__DATA RECORDS__:

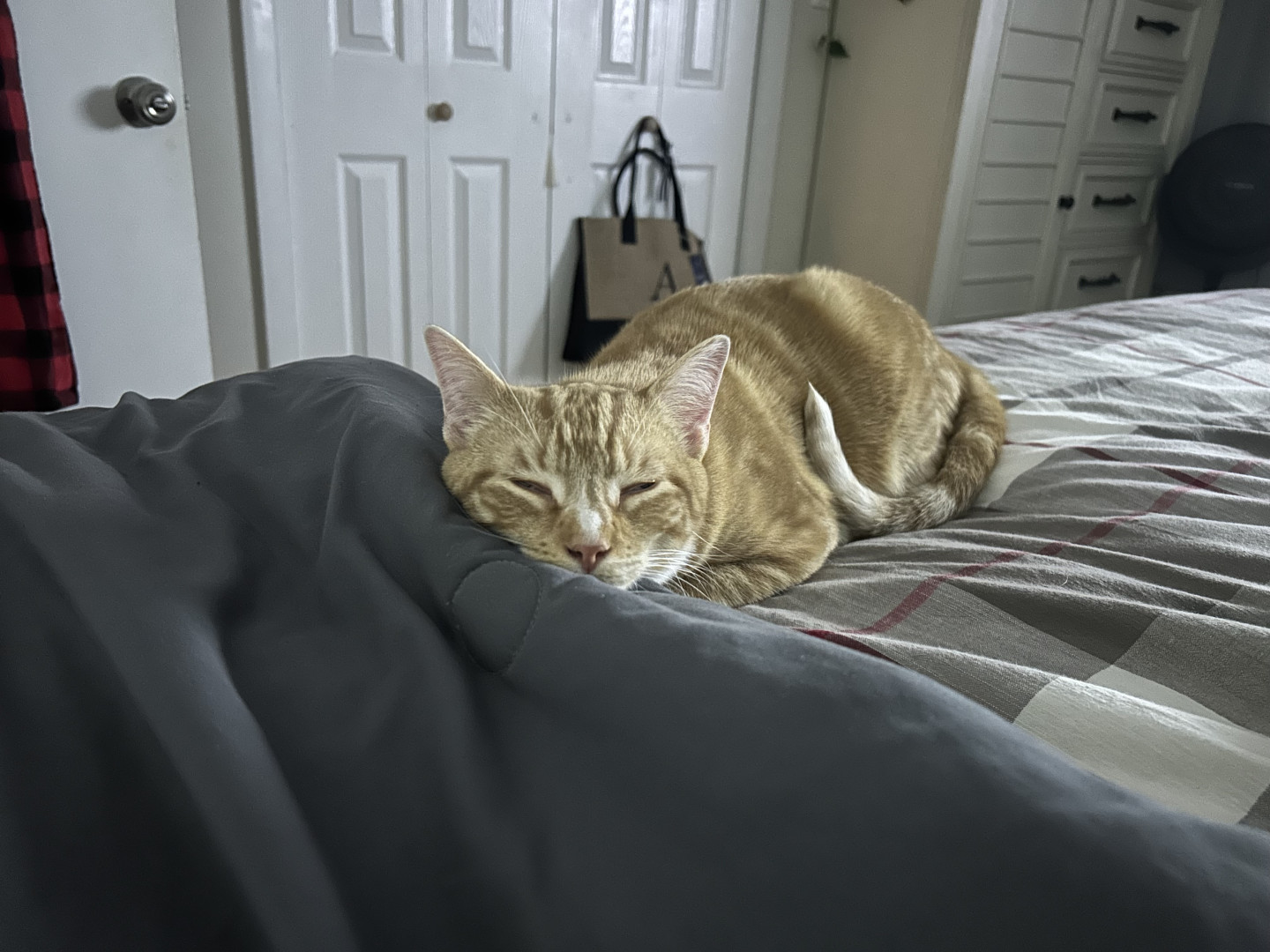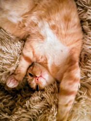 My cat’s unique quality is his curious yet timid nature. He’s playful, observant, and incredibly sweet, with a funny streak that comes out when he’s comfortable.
...
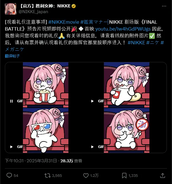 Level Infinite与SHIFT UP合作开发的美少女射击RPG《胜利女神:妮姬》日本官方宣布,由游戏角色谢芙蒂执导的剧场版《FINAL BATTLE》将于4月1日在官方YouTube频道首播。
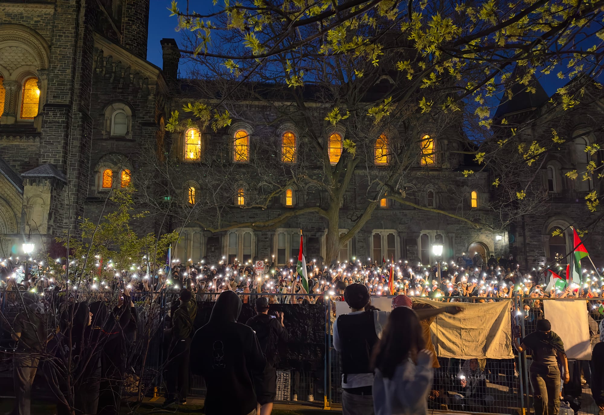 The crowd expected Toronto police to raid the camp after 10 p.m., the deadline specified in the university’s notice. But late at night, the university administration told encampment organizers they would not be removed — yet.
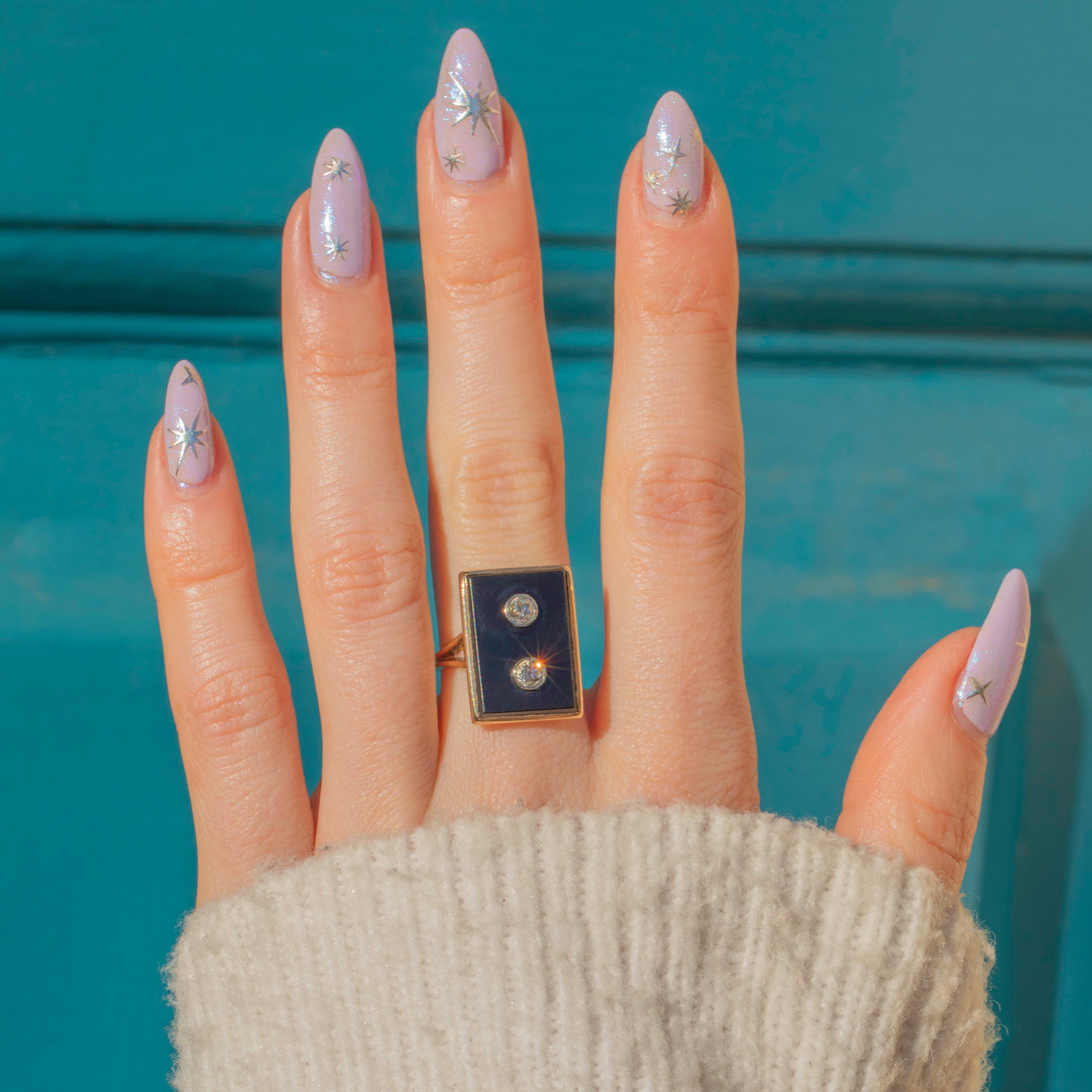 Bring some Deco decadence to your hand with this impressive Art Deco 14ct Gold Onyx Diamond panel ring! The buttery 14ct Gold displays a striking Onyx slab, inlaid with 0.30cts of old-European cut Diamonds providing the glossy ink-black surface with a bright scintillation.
--
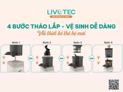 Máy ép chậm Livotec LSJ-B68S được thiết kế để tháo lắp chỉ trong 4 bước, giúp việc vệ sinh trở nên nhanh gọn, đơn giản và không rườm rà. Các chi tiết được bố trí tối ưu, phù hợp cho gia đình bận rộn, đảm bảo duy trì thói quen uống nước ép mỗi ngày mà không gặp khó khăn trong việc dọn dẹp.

__AIM OF THE EXERCISE__:
What do the entries above read from the line containing "The crowd expected" through the line containing "Bring some Deco"? Output those lines exactly, both ends included, with the pictures left out.

__EXERCISE OUTPUT__:
 The crowd expected Toronto police to raid the camp after 10 p.m., the deadline specified in the university’s notice. But late at night, the university administration told encampment organizers they would not be removed — yet.
 Bring some Deco decadence to your hand with this impressive Art Deco 14ct Gold Onyx Diamond panel ring! The buttery 14ct Gold displays a striking Onyx slab, inlaid with 0.30cts of old-European cut Diamonds providing the glossy ink-black surface with a bright scintillation.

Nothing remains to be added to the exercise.